Berg: $5.9B payday for ‘Candy Crush’ may be doomed
When a massive power in the technology business sees an exciting startup with the next big idea, it will strike with a fast, fist full of cash. It’s how Google ended up with YouTube, Microsoft with Minecraft and Facebook with Instagram and Oculus. So on Nov. 2 when Activision-Blizzard (Destiny, Call of Duty, World of Warcraft) announced the purchase of King Digital Entertainment (creator of Candy Crush Saga and other wildly popular mobile games) it seemed like a fairly everyday occurrence.
Until news of the price tag dropped — $5.9 billion dollars.
For perspective, here are some other recent major acquisitions in the entertainment world:
- Amazon’s purchase of game streaming service Twitch — $970 million
- Facebook’s acquisition of virtual reality startup Oculus — $2 billion
- Disney’s acquisition of Lucasfilm and the Star Wars license — $4.05 billion
It’s a sum of money that seems almost impossible. Activision’s purchase of King is either the bargain of the century or a legendary disaster lying in wait.
Activision didn’t arrive at the magic number overnight. King Digital Entertainment (KING on the NYSE) has a market value of roughly $4.72 billion, largely based on their success with Candy Crush. The simple puzzle game is a dominant force in every app store under the digital sun, contributing over a third of the company’s reported $600 million revenue in the first quarter of 2015. It wouldn’t take long for Activison to recoup their investment – just over five years. But in gaming, five years is a long time.
Think back to the mobile scene in 2010 and one name comes to mind — Angry Birds. Swedish developer Rovio’s hit physics puzzler was at the top of every chart and the tip of every tongue. Birds and pigs were on every screen in America overnight. But cut to today, and the picture looks bleaker. In 2014, Rovio reported a 73 percent decline in revenue due to falling popularity of their mainstay franchise. This year, they released Angry Birds 2 to a fraction of their old audience, laying off staff shortly afterwards.
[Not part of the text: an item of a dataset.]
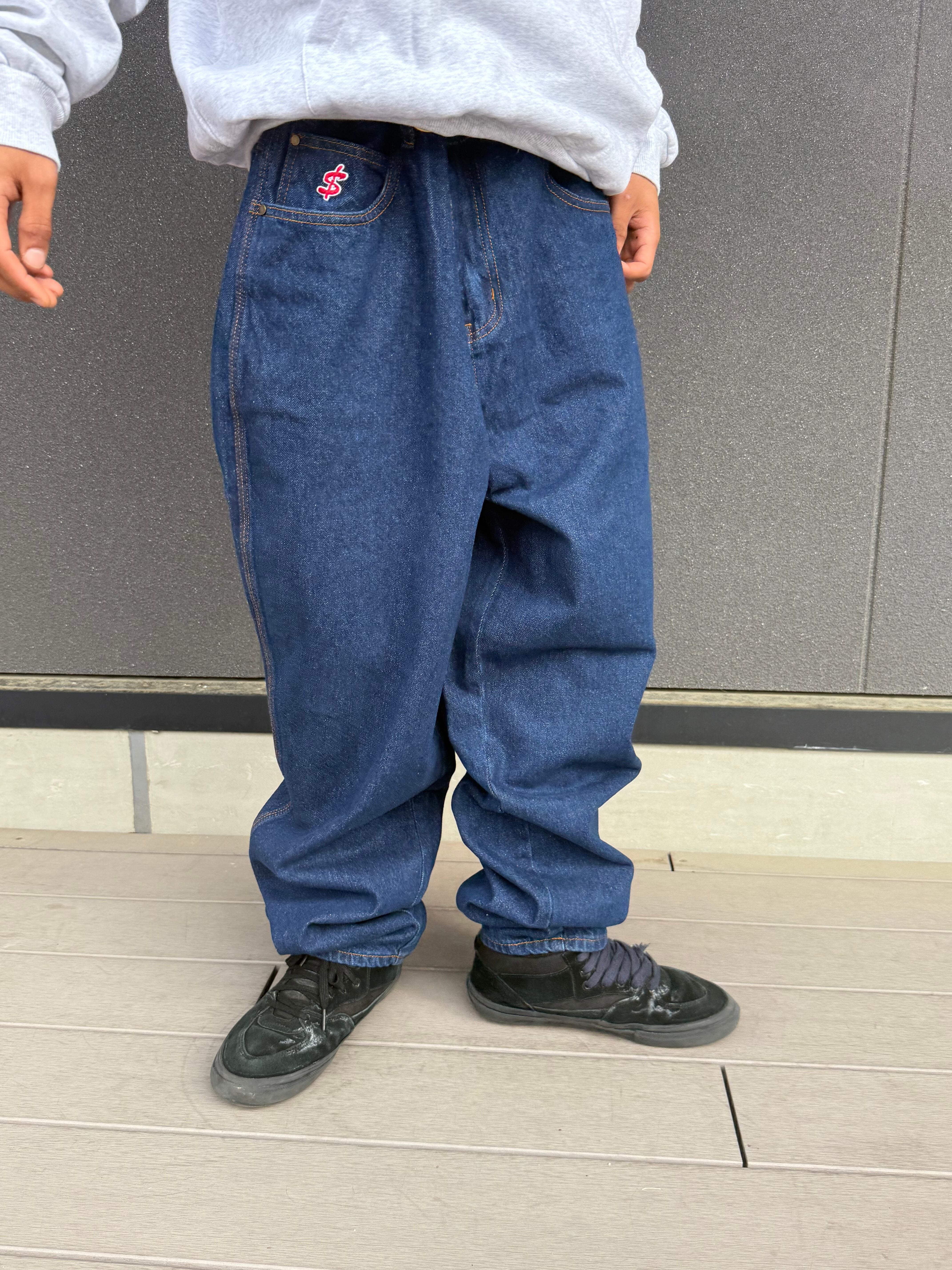CASH ONLY / Logo Baggy Denim Jeans / Raw Indigo / 32inch

So what makes King different? I’m not some brilliant industry analyst, outsmarting the guys in suits who get to handle ten-digit checks. But this sale seems so clearly overvalued on a company following the same trajectory as all the burnouts. One of the biggest entertainment technology conglomerates in the world just tossed down a massive paycheck in exchange for their future. I have to assume there’s some magic sauce behind King that separates it from the rest of the fads. Or perhaps history is doomed to repeat itself until someone finally learns from it.